“Synthahol” in TNG, DS9 and VOY was supposed to be a Ferengi invention that allowed a person to get drunk and then shake off the effects immediately. So, sort of intoxicating with none of the after effects.
Right, different tastes. Coffee ranges from just barely consumable caffeine delivery system to OMG that was so tasty. Each person will have different opinions on where a cup of coffee falls on that scale.
Do you like cola? Do you like one more than another? Personally I can’t stand any cola at this point but still love me some good root beer. When I liked cola, I drank Coke as Pepsi was too sickly sweet and it was hard to find Jolt or RC.
If that wasn’t just a straight up bar, I completely missed that. I thought Ten Forward was totally an after hours officers’ club type deal.
The problem with consumables on duty (although I still loved seeing that come out of the replicator) is that unless they’ve changed them somehow in that era (entirely possible), they actually have a stronger and longer-lasting effect than smoking or vaping. Or…so I’ve heard, in reports from places where it’s legal. ![]()
Most coffee (like you’d get at a midrange hotel or wherever) tastes like crap. And straight black coffee, even made from high quality beans, is not a taste I enjoy. Nor can I stomach a sickly sweet beverage like most of what people order at Starbucks.
But.
I don’t know if it was here on MPSIMS or where that I advanced the notion that the best “pure taste” (leaving aside texture–just involving the taste buds only) of any food or drink is three parts good cold-brewed coffee, and two parts whole milk. No sugar or anything else, just that 60/40 mix. God, that’s good.
I recognized Holland Taylor from Two and a Half Men, but who played Ed’s father? ![]()
George Bluth Sr.
…I mean Jeffrey Tambor.
I first knew him as the sidekick on The Larry Sanders Show back in the '90s; but you must not follow the Emmys, as he won the Best Actor award year before last for his role on transparent.
I remember him from the Ropers and her from Bosom Buddies. They’ve both been around forever at this point.
Ships I served on, I found that it depended largely on whom was in command. And/or whether or not there was an embarked Flag who smoked.
Now, smoking in the workspace wasn’t allowed, but most of the ships I served on still had designated smoking areas.

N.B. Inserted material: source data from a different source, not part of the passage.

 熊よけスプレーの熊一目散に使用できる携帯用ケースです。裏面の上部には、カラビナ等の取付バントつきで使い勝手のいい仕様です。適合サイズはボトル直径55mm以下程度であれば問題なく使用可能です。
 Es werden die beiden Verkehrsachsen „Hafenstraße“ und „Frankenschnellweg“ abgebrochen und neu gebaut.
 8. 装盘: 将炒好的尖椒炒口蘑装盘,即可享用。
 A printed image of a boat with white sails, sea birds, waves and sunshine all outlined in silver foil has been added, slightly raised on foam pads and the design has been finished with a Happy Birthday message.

It would, but I stipulate that most of the people that I do/have associate(d) with only drink to get fucked up. And since I don’t drink to get fucked up, I don’t really see the point: like, I’ve been offered scotch before, and came away from the experience wondering why anyone would do that to themselves. Then again, I also stipulate that my own palate is very unrefined in that regard, and I’m the kind of philistine who would prefer all alcoholic beverages to taste like Kool-Aid.
But, I don’t drink enough for it to matter, anyway: I’m basically a pitcher of sangrìa per year, on average, away from being straight edge.

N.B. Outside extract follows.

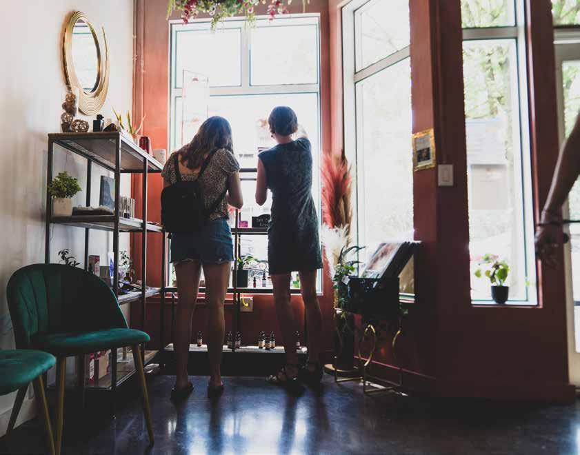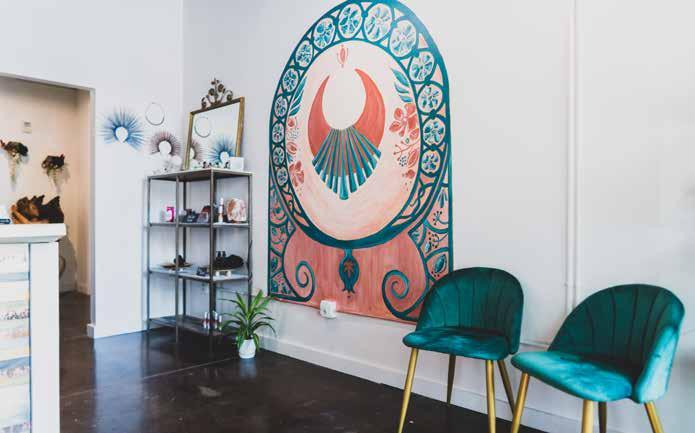 Merryfield and Kapowski have an aura about them that is comforting, safe, and inviting. They model complete transparency in all things and highlight that everything about their shop design and aesthetic were completed entirely by women and that all items in the shop including: crystals, skin-care products, chocolates, jewelry, tea, books, and more are by women-owned brands.

Aha! Tambor I remember from Hill Street Blues.
Back when I served, when dinosaurs roamed the earth, alcohol was available when off-duty, and smoking was verboten in all but a few designated areas (and never during unrep). Of course, I served on a carrier, so rules may have been different on other vessels. Jet fuel and flame don’t mix.
Uhm … homeworld. Homework is … something else. ![]()

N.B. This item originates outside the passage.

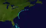 The third tropical storm of the season developed on August 19 about 170 miles (270 km) southeast of Cape Fear, North Carolina. At 1100 UTC that day, it made landfall near Cape Lookout with winds of 60 mph (97 km/h). The storm traveled north and emerged into the Chesapeake Bay near Norfolk, Virginia. The storm continued travelling northward just offshore of the east coast of the US before finally dissipating off Rhode Island on August 21.[2] Heavy rains and strong winds were reported in Connecticut, Massachusetts, New York, and Washington, D.C. This system was known as the Charter Oak Storm, because it felled the famed Charter Oak in Hartford, Connecticut.[9]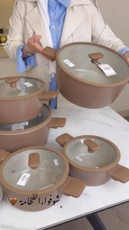 مطبخك يستاهل طقم يلمع فيه 👩‍🍳✨-طناجر ومقالي بتصميم أنيق ولون فخم-عملية، مرتبة، وكل قطعة بتسهل الطبخ أكثر 🍳-اختيارك الصح لمطبخ أجمل كل يوم🤎🤎🤎

NB: Correct spelling is “synthehol,” not “synthahol.” Duh! :smack:
Doh…missed the edit window…
*Or during flight ops.
I was on the Ranger, so also a carrier. Smoking was allowed in most her things and most of the shops but alcohol.was generally not available except what was snuck onboard or made and the aforementioned beer days for long sea periods.
LHA-4, USS Nassau here.
What OST was it were the crewman was drunk and singing over the intercom…some Irish song…what was he drunk on?? The song was ‘Kathleen’…
They didn’t have synthehol in the Kirk era - that’s a TNG thing. In Kirk’s age, they drank real alcohol (and small furry creatures from Alpha Centauri were real small furry creatures from Alpha Centauri).
That was in The Naked Time, so he was drunk on water.
For actual booze, look to Scotty getting the Kelvan tanked by emptying out his (extensive) liquor cabinet in By Any Other Name.
Oh! Good point. I missed the big picture there (though if the guy who took off his glove to touch something while investigating the mysterious deaths of a base full of people was drunk on booze before the water got to him, that would explain a lot).
He took his glove off to scratch his nose. Still, not the smartest thing to do under those circumstances. ![]()
The water there had changed into a complex molecule similar to alcohol under the effects of shifts in that planet’s gravity as it decayed, which was never explained in that episode. I don’t remember right offhand if I heard it on ***TNG ***or read it in Blish’s adaptation, which was from an early draft of the script.